China’s July PMIs point to a sluggish growth outlook. In July, the manufacturing PMI fell 0.1 point to 49.4 (consensus: 49.4) and the non-manufacturing PMI dropped 0.3 point to 50.2 (consensus: 50.3). As a result, the composite PMI dipped to 50.2 from 50.5 in June.

China’s Politburo pledged this week to boost consumer spending. As we’ve been saying for some time now, the steady drip feed of stimulus will do little to improve the economy’s medium-term outlook, which we believe hinges crucially on addressing the huge debt overhang. Until that has been accomplished, growth will remain well below expectations and a structural headwind for commodity prices.

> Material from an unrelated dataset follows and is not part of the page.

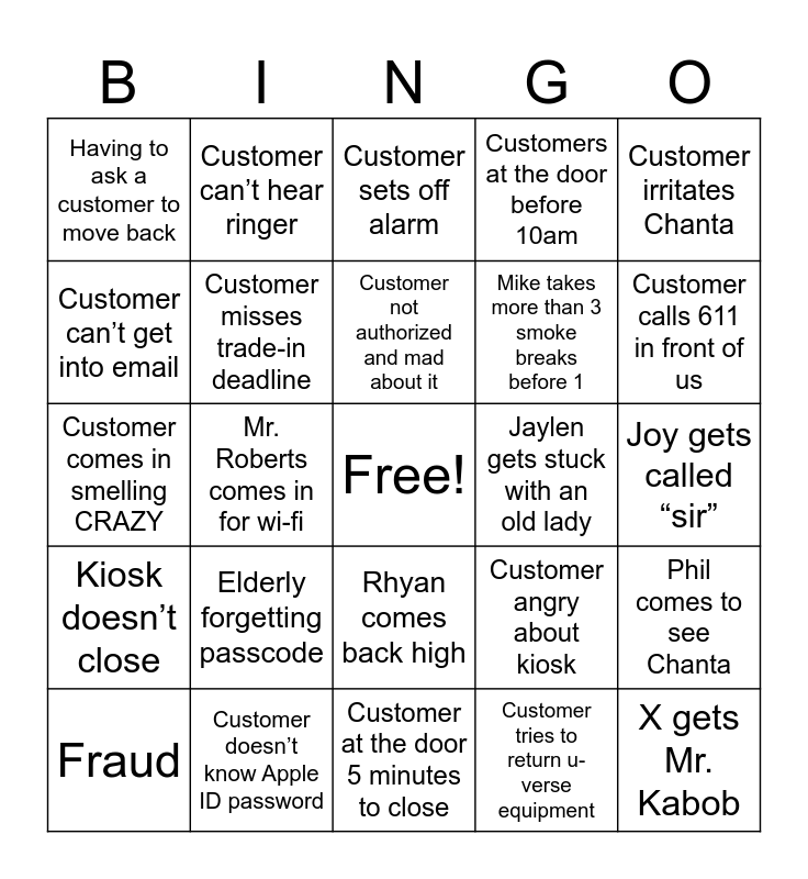 This bingo card has a free space and 24 words: Elderly forgetting passcode, Customer doesn’t know Apple ID password, Customer not authorized and mad about it, Fraud, Customer irritates Chanta, Having to ask a customer to move back, Customer can’t get into email, Customer can’t hear ringer, Jaylen gets stuck with an old lady, Rhyan comes back high, Mike takes more than 3 smoke breaks before 1, Customer comes in smelling CRAZY, Customer angry about kiosk, Phil comes to see Chanta, Customer misses trade-in deadline, Customer tries to return u-verse equipment, Joy gets called “sir”, Customer sets off alarm, Customer calls 611 in front of us, Mr. Roberts comes in for wi-fi, X gets Mr. Kabob, Kiosk doesn’t close, Customers at the door before 10am and Customer at the door 5 minutes to close.

EUR/USD is consolidating around 1.0820. The Eurozone July preliminary CPI print is up next (10:00am London). Headline CPI is expected to fall -0.1% m/m (versus +0.2% in June) and remain steady at 2.5% y/y in July. Core CPI inflation is projected to fall one tick to 2.8% y/y. Risks are balanced. The July EU harmonized CPI inflation for Germany unexpectedly quickened 0.1pts 2.6% y/y in July (consensus: 2.5%) while France’s undershot expectation rising 0.1pts to 2.6% y/y (consensus: 2.8%). Regardless, the Eurozone disinflationary process is well on track and supports the case for the ECB to cut rates again in September.

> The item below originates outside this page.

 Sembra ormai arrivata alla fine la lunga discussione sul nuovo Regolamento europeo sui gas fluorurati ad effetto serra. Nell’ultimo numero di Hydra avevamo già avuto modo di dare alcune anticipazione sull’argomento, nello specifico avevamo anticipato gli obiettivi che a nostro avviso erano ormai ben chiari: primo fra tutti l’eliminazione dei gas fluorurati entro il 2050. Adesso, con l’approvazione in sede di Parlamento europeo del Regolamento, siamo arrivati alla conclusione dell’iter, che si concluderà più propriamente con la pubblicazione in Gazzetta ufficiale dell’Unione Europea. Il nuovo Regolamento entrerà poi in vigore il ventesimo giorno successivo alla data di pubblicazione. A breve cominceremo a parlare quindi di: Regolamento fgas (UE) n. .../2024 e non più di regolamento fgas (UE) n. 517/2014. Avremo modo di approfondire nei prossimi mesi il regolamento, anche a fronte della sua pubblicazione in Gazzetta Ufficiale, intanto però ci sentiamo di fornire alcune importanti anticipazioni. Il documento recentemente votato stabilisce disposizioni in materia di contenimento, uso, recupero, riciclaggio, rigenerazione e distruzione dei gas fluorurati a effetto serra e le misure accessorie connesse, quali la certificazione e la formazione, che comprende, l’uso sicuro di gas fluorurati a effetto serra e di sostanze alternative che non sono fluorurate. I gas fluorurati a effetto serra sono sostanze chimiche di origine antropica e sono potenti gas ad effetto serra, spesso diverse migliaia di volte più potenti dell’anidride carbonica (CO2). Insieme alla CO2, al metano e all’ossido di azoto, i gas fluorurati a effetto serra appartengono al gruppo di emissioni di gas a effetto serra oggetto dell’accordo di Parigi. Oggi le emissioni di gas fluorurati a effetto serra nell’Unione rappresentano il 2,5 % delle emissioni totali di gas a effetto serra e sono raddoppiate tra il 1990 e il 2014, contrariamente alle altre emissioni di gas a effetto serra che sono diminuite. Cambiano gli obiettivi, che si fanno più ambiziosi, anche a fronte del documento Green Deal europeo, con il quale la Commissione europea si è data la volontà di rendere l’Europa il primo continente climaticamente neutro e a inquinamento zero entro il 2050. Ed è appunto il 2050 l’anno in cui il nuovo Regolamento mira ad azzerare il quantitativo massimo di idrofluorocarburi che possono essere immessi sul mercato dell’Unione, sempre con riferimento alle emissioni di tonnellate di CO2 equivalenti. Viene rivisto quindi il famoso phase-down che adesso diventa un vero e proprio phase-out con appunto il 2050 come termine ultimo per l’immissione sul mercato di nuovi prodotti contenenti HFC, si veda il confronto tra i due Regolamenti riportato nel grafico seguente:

USD/CAD edged lower from a multi-month high on USD weakness and firmer crude oil prices. Canada’s May GDP report is the domestic data focus (1:30pm London). Canada’s economy is forecast to rise 0.1% m/m vs. 0.3% in April. The risks are skewed to the downside because retail sales volume plunged 0.7% m/m in May. Subdued Canadian economic activity and moderating inflation pressures suggest the bar for more Bank of Canada policy rate cuts is low which can further weigh on CAD. The swaps market is pricing 125bps of easing in the next 12 months.